Skills and concepts that students must have mastered

Students must recall concepts such as the Law of Superposition, Law of Cross-Cutting Relationships, relationship of outcrop patterns to topography and the concepts of anticlines, synclines, thrust faults and normal faults. All of these are introduced in the 100 level course that is a prerequisite to this class, but the lectures in Weeks 2 & 3 recapitulate on these concepts.

How the activity is situated in the course

This is the second part of a sequence of map exercises - first set in Week 3 of class. Part 1 involves some time on Google Earth and an example map deconstruction and geologic history given by the instructor.
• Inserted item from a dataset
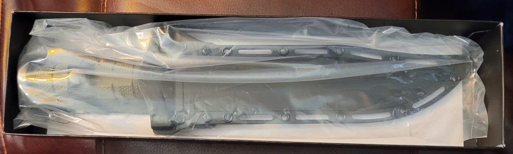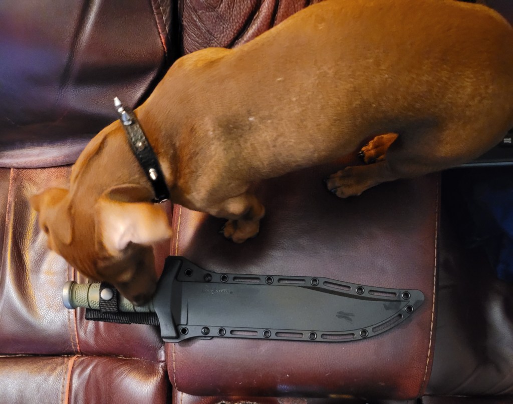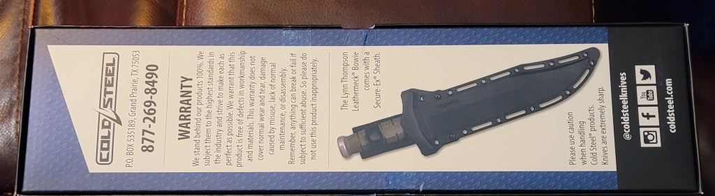 Folk – the stats just don’t do it justice – this is an absolute beastie of a knife – good texturing on the handle – not as front heavy as I expected – has a real let’s go chop shit up feel to it – to say it’s over the top? – for most companies yes – for Cold Steel? It’s just about right . . .

Later exercises (fieldwork, synthesis report and exam) also involve some elements of map interpretation so it is important for the students to have plenty of time to master these concepts.

Goals

Content/concepts goals for this activity

Geologic map interpretation, using ALL the information on the map, recalling concepts learned in earlier courses.

Higher order thinking skills goals for this activity

Higher order skills - to be able to take individual elements of the map (structural elements, lithologic elements, interaction with topography) and combine these into a coherent geologic history of an area. By providing a series of targeted questions and starting by deconstructing the map, students are later able to write geologic histories of other map areas without this level of instruction.

Other skills goals for this activity

Writing a coherent and technically sound, simple geologic history of the area.

Description of the activity/assignment

This is an exercise in which students are reintroduced to geologic maps and encouraged to "deconstruct" the map into constituent elements in order to understand the geologic history of the area. The preceding lectures in the course have recapitulated material that the students have covered in Introduction to Physical Geology. During class, the students work through the maps that were part of lab exercises in the Intro level course, so that basic concepts are recalled (superposition, cross-cutting relationships, basic faults and folds). The final product is a geologic history of this map area.

Determining whether students have met the goals

Evaluation - is the geologic history produced a complete and coherent (bullet points are acceptable) history of the segment of map they are looking at?

Later in the course - can the student take the same thought pattern and apply this to another map area? Field area? Exam question?